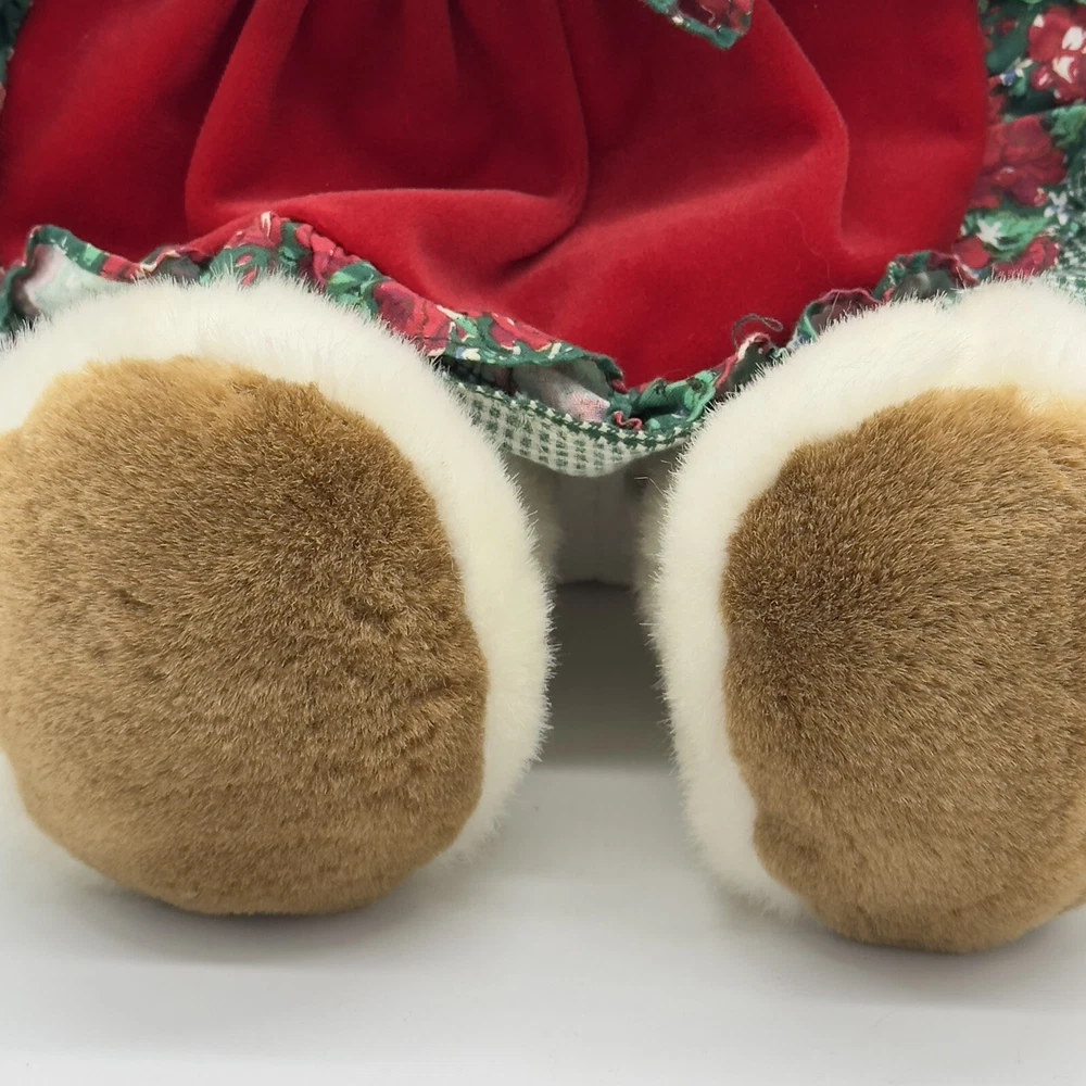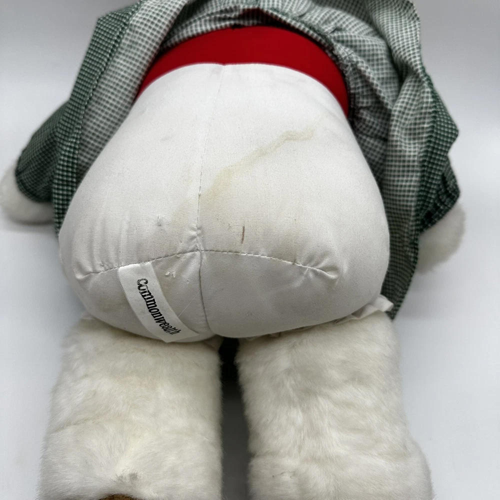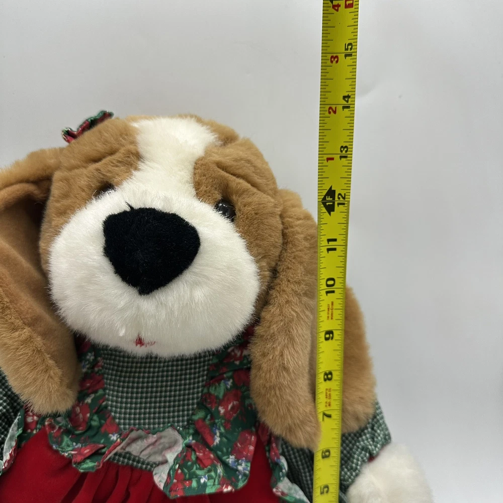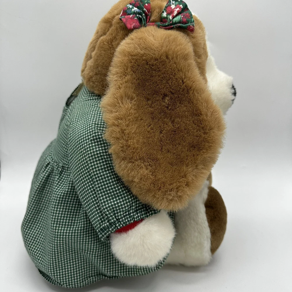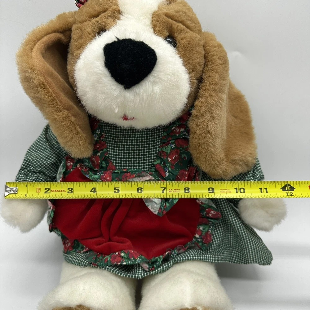 Vtg Commonwealth Brown Dog Plush Dress Christmas Stuffed Animal Toy Floppy Ears There is a water stain on her behind but it is covered by the dress. Otherwise, no rips or other stains.
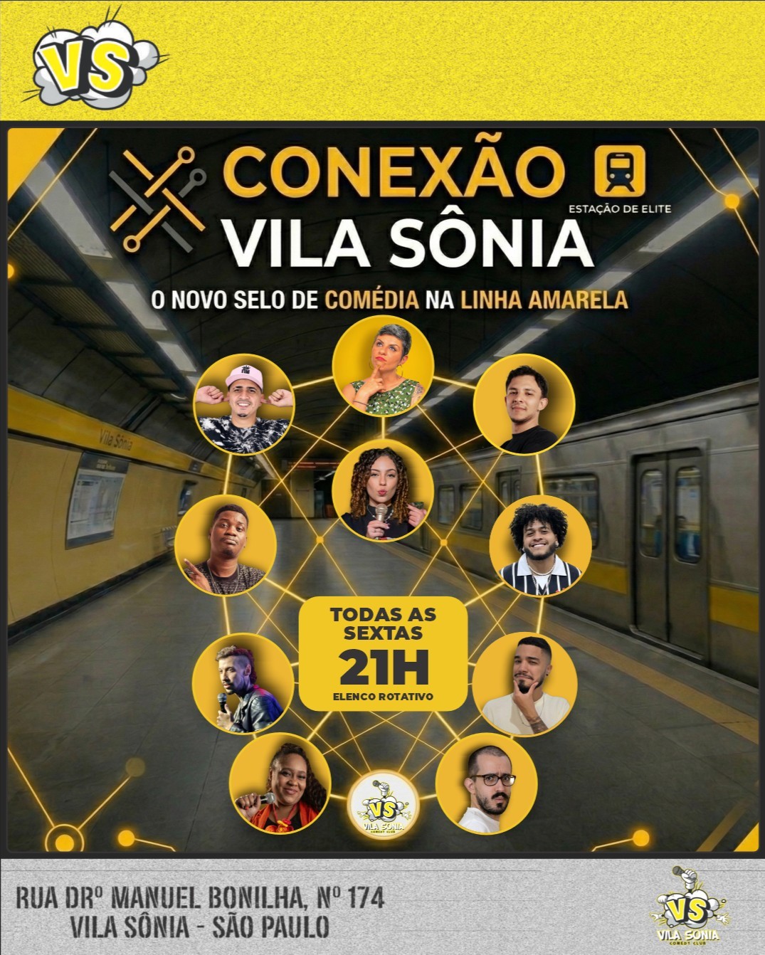 Conexão Vila Sônia – Sua Próxima Parada é Aqui! 🚇 Toda sexta-feira, às 21h, o Vila Sônia Comedy Club vira o ponto de encontro oficial de quem quer fechar a semana com chave de ouro. No show Conexão Vila Sônia, a gente conecta você diretamente com o que há de melhor no stand-up comedy. E a viagem fica completa no nosso Bar e Cozinha! 🍹🥨 Enquanto os comediantes dominam o palco, nossa equipe domina o sabor. Temos um cardápio variado de drinks e porções, mas o aviso na plataforma é obrigatório: você não pode ir embora sem provar a melhor coxinha de SP! Crocante por fora, suculenta por dentro e o acompanhamento perfeito para sua noite. Nosso elenco rotativo é uma verdadeira seleção de elite. Prepare-se para rir com: Abner Henrique Eve Mayer Eveline Menezes Pablo Calais Godoy Fernandes Helder Jantar Quel Dias Thiago Tomazelli Douglas Zoio Rafa Pinto (Consulte o elenco da semana) Não perca o horário, garanta seu lugar no vagão, prepare o apetite e venha, desembarque aqui com a gente!
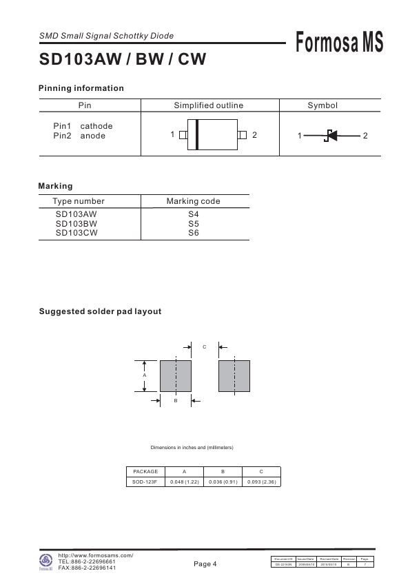 SMD Small Signal Schottky Diode SD103AW / BW / CW Formosa MS 350mA Surface Mount Small Signal Schottky Diode 20V-40V.
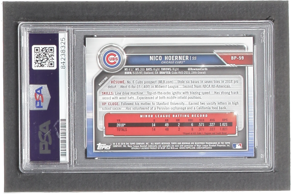 Nico Hoerner 2019 Bowman Prospects #BP59 RC (PSA)
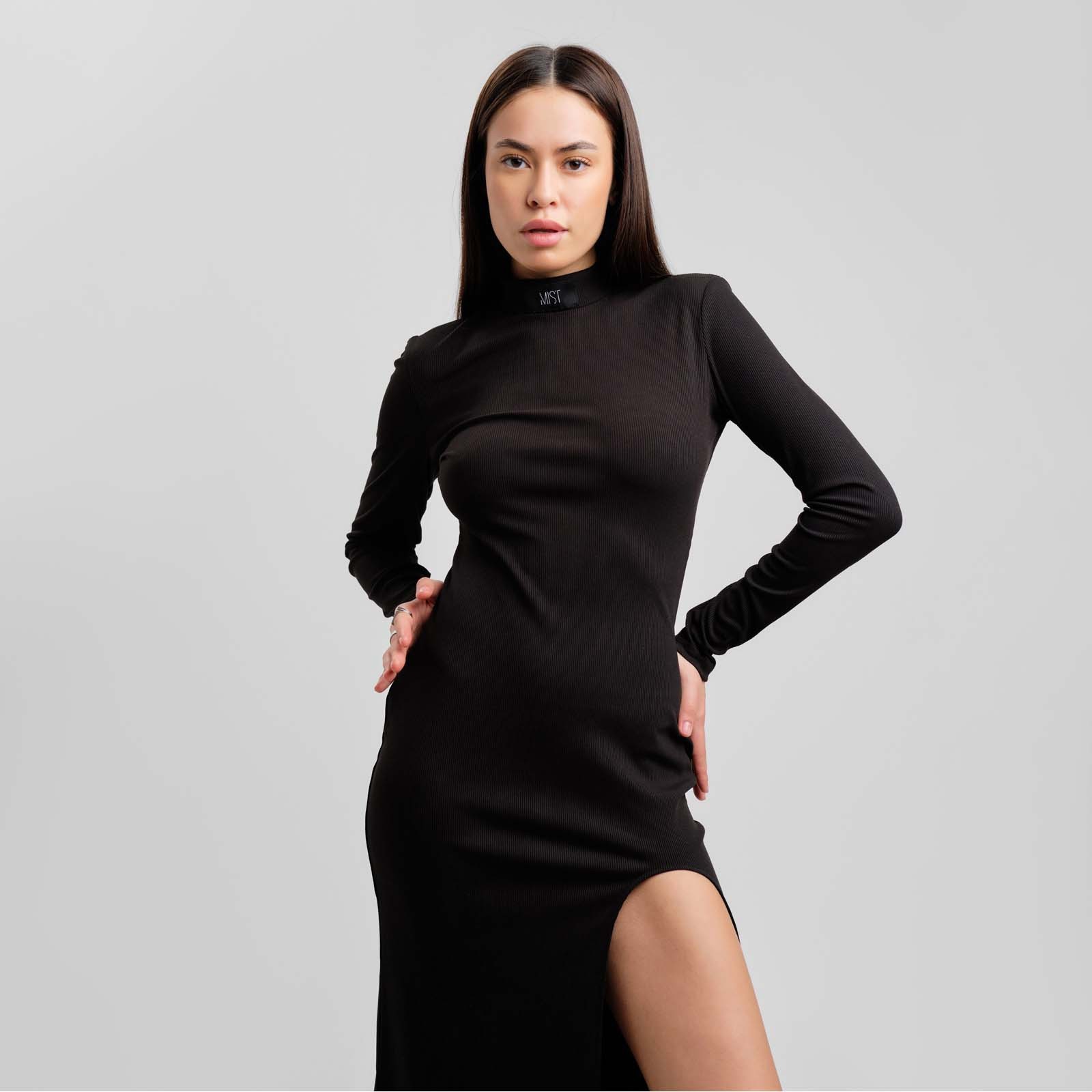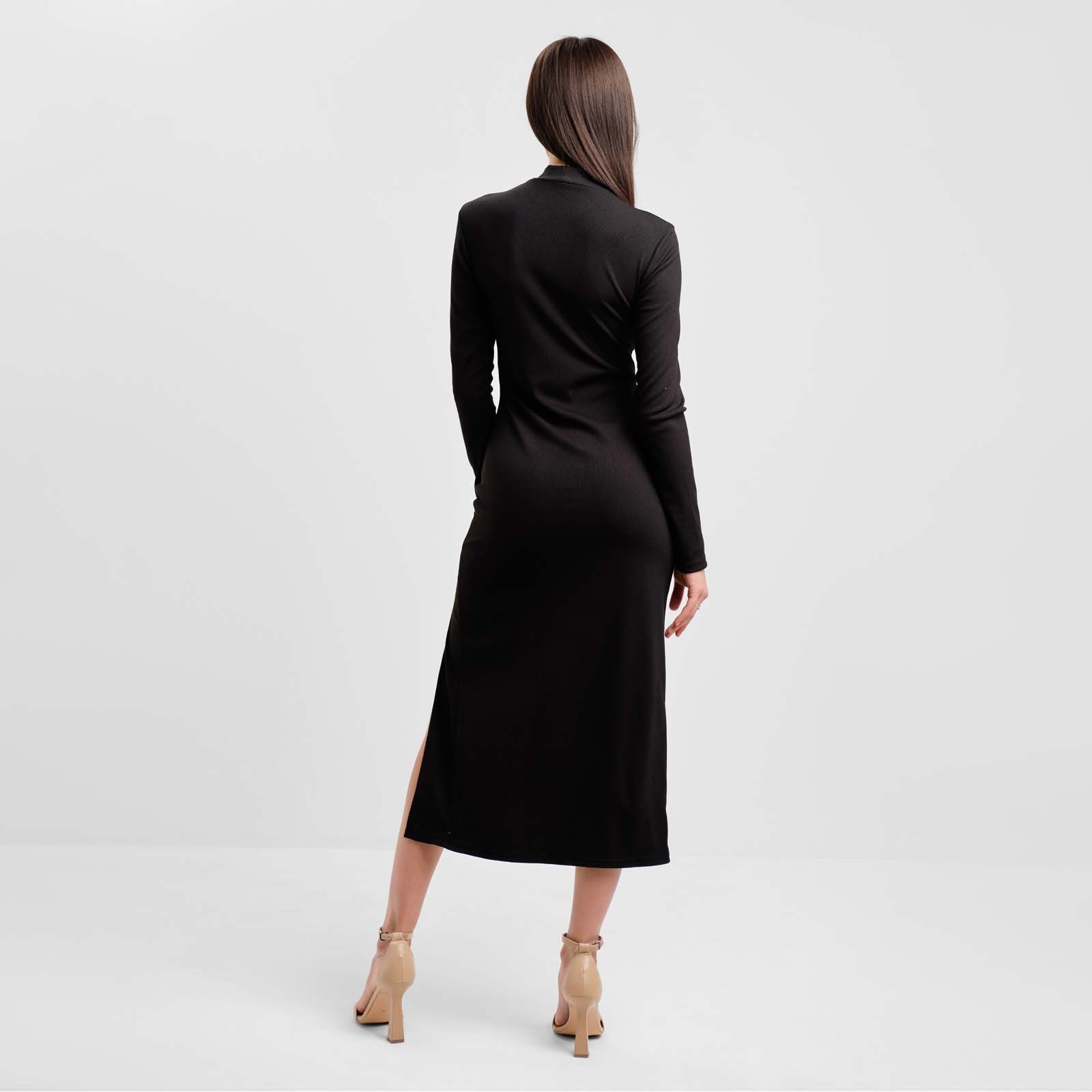 Платье с разрезом миди женское mist, размер 46, чёрное. Цвет:Чёрный|Для кого:Для женщины|Назначение:Повседневная|Ткань:Лапша|Размер:46|Рост, см:165 - 170|Длина рукава, см:63|Рост модели на фото, см:172|Сезон:Всесезонный|Вид застёжки:Без застёжки|Тематика:Однотонная|Длина рукава:Длинный|Вырез горловины:Воротник-стойка|Декоративные элементы:Разрез|Покрой:Облегающий|Тип карманов:Без карманов|Тип рукава:Втачной|Рекомендации по уходу:Стирка при 30 °С|Рекомендации по уходу:Не отбеливать|Рекомендации по уходу:Бережный режим глажки|Состав ткани:Полиэстер|Состав ткани:Эластан|Длина юбки:Миди|Обхват талии, см:72 - 76|Длина изделия по спинке, см:126.5|Обхват груди, см:92|Обхват бёдер, см:100|Параметры модели на фото (ОГ-ОТ-ОБ):80-61-91|Размер одежды:42|Страна:Россия  развернуть описание ▼

— EXERCISE —
From the first line to the last, set down the records word for word and drop the images.

— OUTPUT FOR THIS EXERCISE —
 Vtg Commonwealth Brown Dog Plush Dress Christmas Stuffed Animal Toy Floppy Ears There is a water stain on her behind but it is covered by the dress. Otherwise, no rips or other stains.
 Conexão Vila Sônia – Sua Próxima Parada é Aqui! 🚇 Toda sexta-feira, às 21h, o Vila Sônia Comedy Club vira o ponto de encontro oficial de quem quer fechar a semana com chave de ouro. No show Conexão Vila Sônia, a gente conecta você diretamente com o que há de melhor no stand-up comedy. E a viagem fica completa no nosso Bar e Cozinha! 🍹🥨 Enquanto os comediantes dominam o palco, nossa equipe domina o sabor. Temos um cardápio variado de drinks e porções, mas o aviso na plataforma é obrigatório: você não pode ir embora sem provar a melhor coxinha de SP! Crocante por fora, suculenta por dentro e o acompanhamento perfeito para sua noite. Nosso elenco rotativo é uma verdadeira seleção de elite. Prepare-se para rir com: Abner Henrique Eve Mayer Eveline Menezes Pablo Calais Godoy Fernandes Helder Jantar Quel Dias Thiago Tomazelli Douglas Zoio Rafa Pinto (Consulte o elenco da semana) Não perca o horário, garanta seu lugar no vagão, prepare o apetite e venha, desembarque aqui com a gente!
 SMD Small Signal Schottky Diode SD103AW / BW / CW Formosa MS 350mA Surface Mount Small Signal Schottky Diode 20V-40V.
 Nico Hoerner 2019 Bowman Prospects #BP59 RC (PSA)
 Платье с разрезом миди женское mist, размер 46, чёрное. Цвет:Чёрный|Для кого:Для женщины|Назначение:Повседневная|Ткань:Лапша|Размер:46|Рост, см:165 - 170|Длина рукава, см:63|Рост модели на фото, см:172|Сезон:Всесезонный|Вид застёжки:Без застёжки|Тематика:Однотонная|Длина рукава:Длинный|Вырез горловины:Воротник-стойка|Декоративные элементы:Разрез|Покрой:Облегающий|Тип карманов:Без карманов|Тип рукава:Втачной|Рекомендации по уходу:Стирка при 30 °С|Рекомендации по уходу:Не отбеливать|Рекомендации по уходу:Бережный режим глажки|Состав ткани:Полиэстер|Состав ткани:Эластан|Длина юбки:Миди|Обхват талии, см:72 - 76|Длина изделия по спинке, см:126.5|Обхват груди, см:92|Обхват бёдер, см:100|Параметры модели на фото (ОГ-ОТ-ОБ):80-61-91|Размер одежды:42|Страна:Россия  развернуть описание ▼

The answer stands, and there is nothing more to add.